Installation
pip install prophys
That’s it. prophys ships as prebuilt binary wheels (including the
compiled native core, prophys._core) for common platforms
(Linux/macOS/Windows, x86_64 and arm64). There is no source compilation
step and no Rust toolchain required.
With optional extras:
pip install "prophys[viz]" # matplotlib plotting helpers (prophys.plot)
pip install "prophys[geo]" # shapely/pyproj GeoJSON import
pip install "prophys[inference]" # NumPyro bridge for NUTS/SVI
Requirements: Python >= 3.10. JAX and Optax are installed automatically as dependencies.
Licensing and the free tier
Small models run immediately, with no license file. Every native kernel call touching at most 250 structural objects (points, polygon vertices, segments, raster cells, …) computes freely, which covers the documentation’s own examples and gallery, teaching use, and prototyping. Larger models require a license:
export PROPHYS_LICENSE=/path/to/license.key
See License for exactly what counts towards the 250-object limit (structural model size) and what does not (Monte-Carlo sample counts, observation counts, training iterations).
Verifying the installation
import prophys as prp
import jax.numpy as jnp
site = prp.Frame("site")
a = prp.PointList(jnp.array([[0.0, 0.0]]), site)
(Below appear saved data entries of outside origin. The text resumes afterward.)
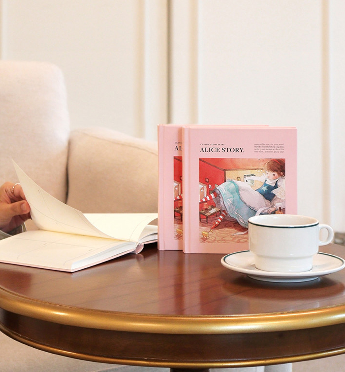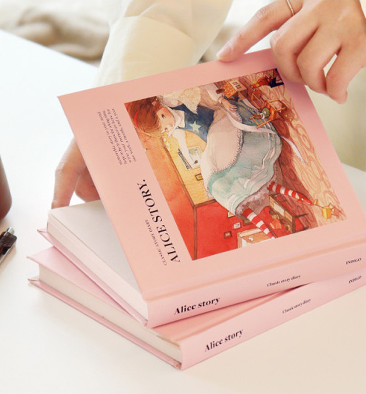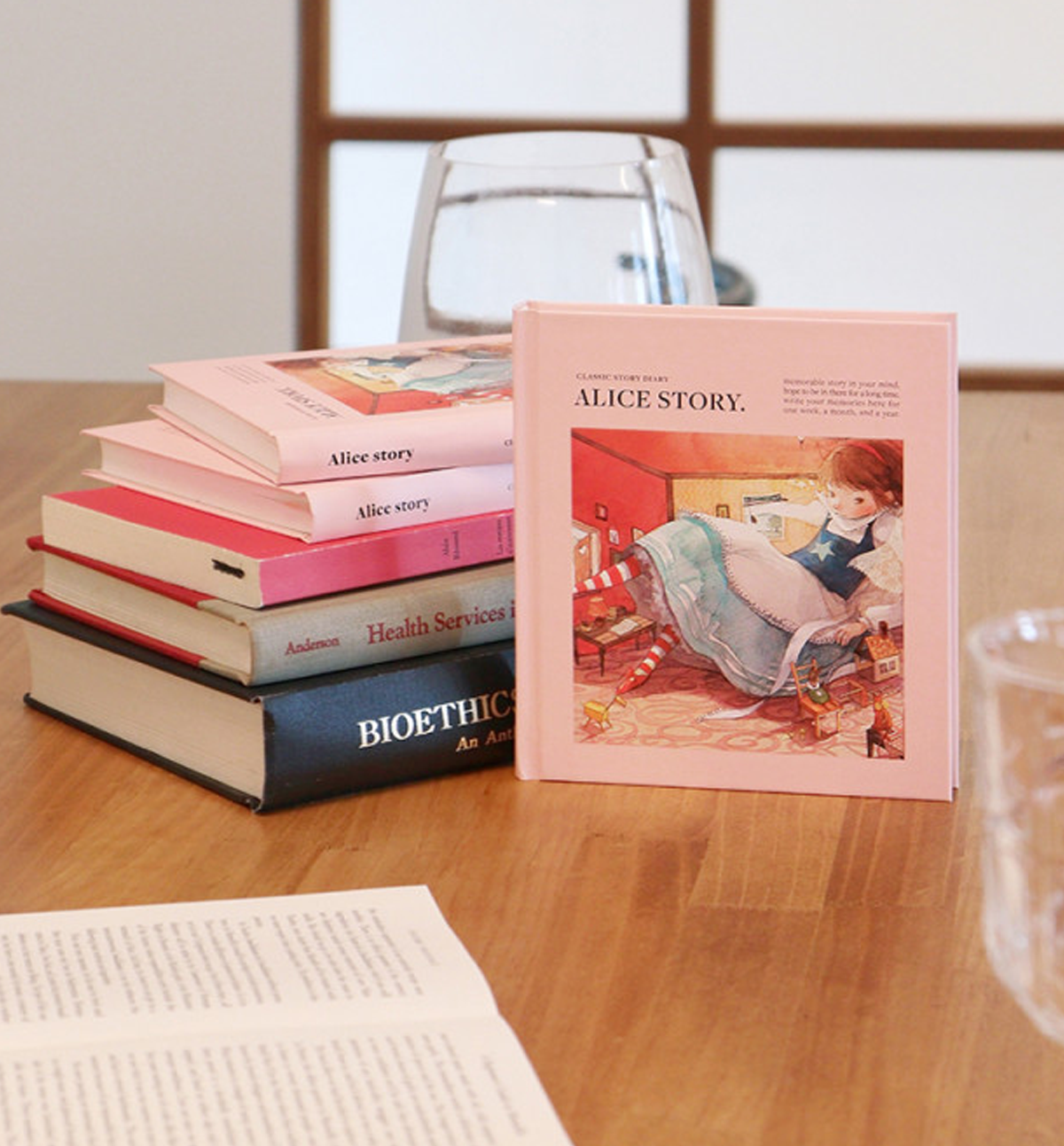 This Alice Weekly Planner opens flat, hard cover and has beautiful illustrations in each pages.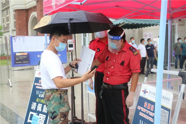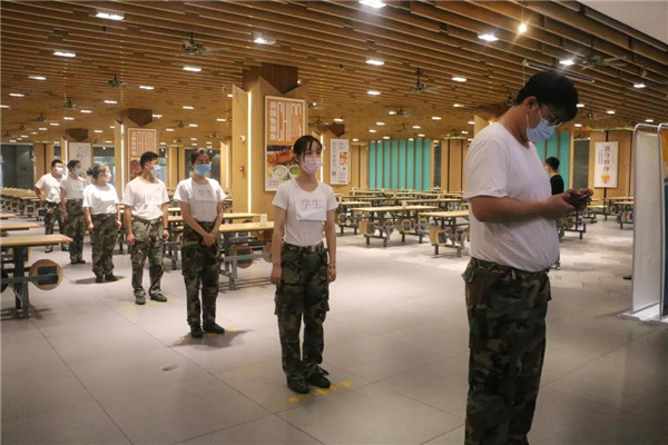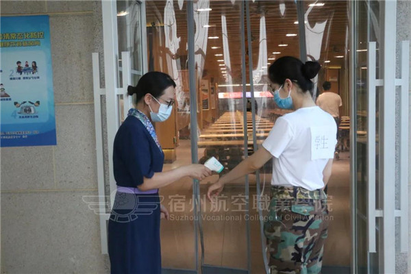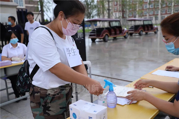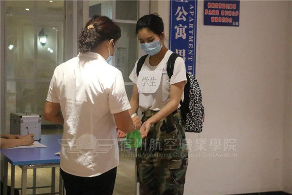 学生间隔1.5米,有序进入寝室,并在入口处进行二次测温🔫、消毒及登记🪁。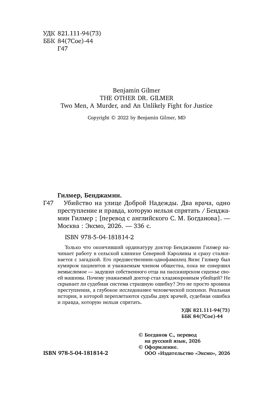 | Название в оригинале | THE OTHER DR. GILMER Two Men, A Murder, and An Unlikely Fight for Justice |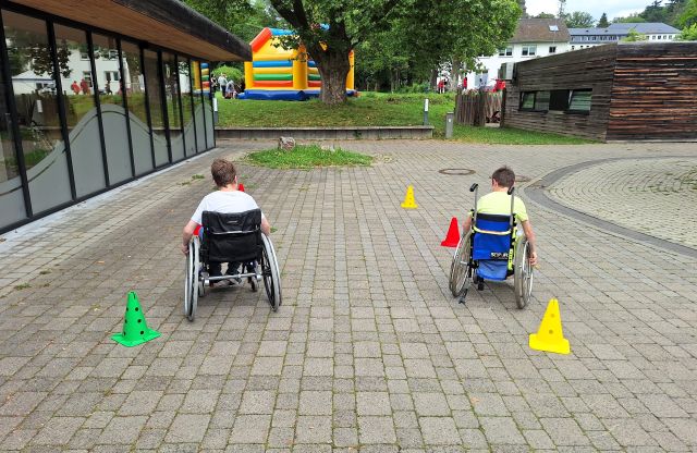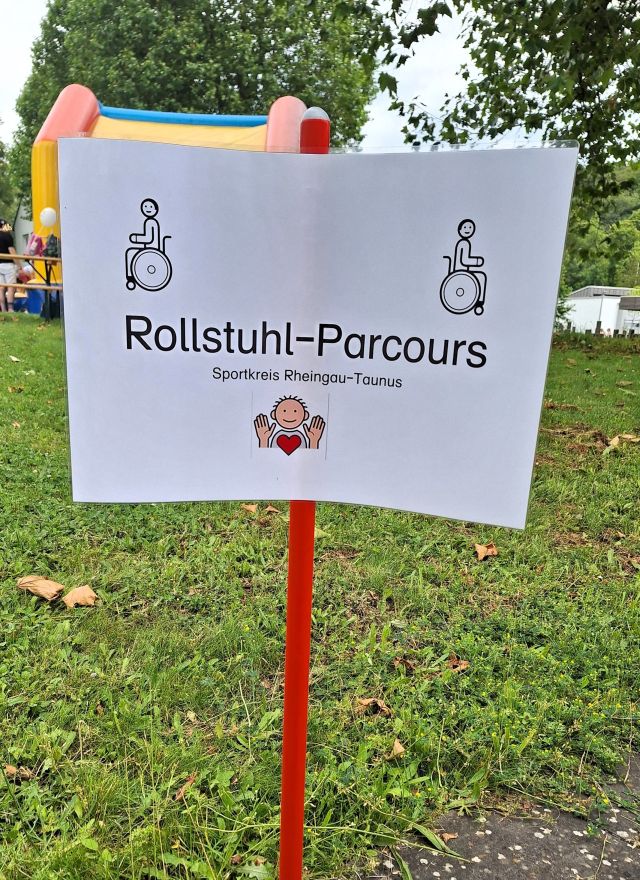 Der Sportkreis Rheingau-Taunus bereicherte das vielfältige Angebot mit einem Rollstuhl-Parcours. Interessierte Kinder und Erwachsene hatten hier die Möglichkeit sich im Rollstuhlfahren auszuprobieren. Im Vordergrund stand dabei die Selbsterfahrung des Rollstuhlfahrens, als auch der Wettkampfcharakter im Slalom-Parcours. Text: Louisa Moog

b = prp.PointList(jnp.array([[3.0, 4.0]]), site)
print(a.closest_distance(b).evaluate()) # -> [5.] (via the native core)
GPU note
The native kernels are CPU targets. Models evaluated on GPU-resident arrays will fail with a platform error rather than silently falling back. Move arrays to host memory for now. CUDA kernels are a planned future addition.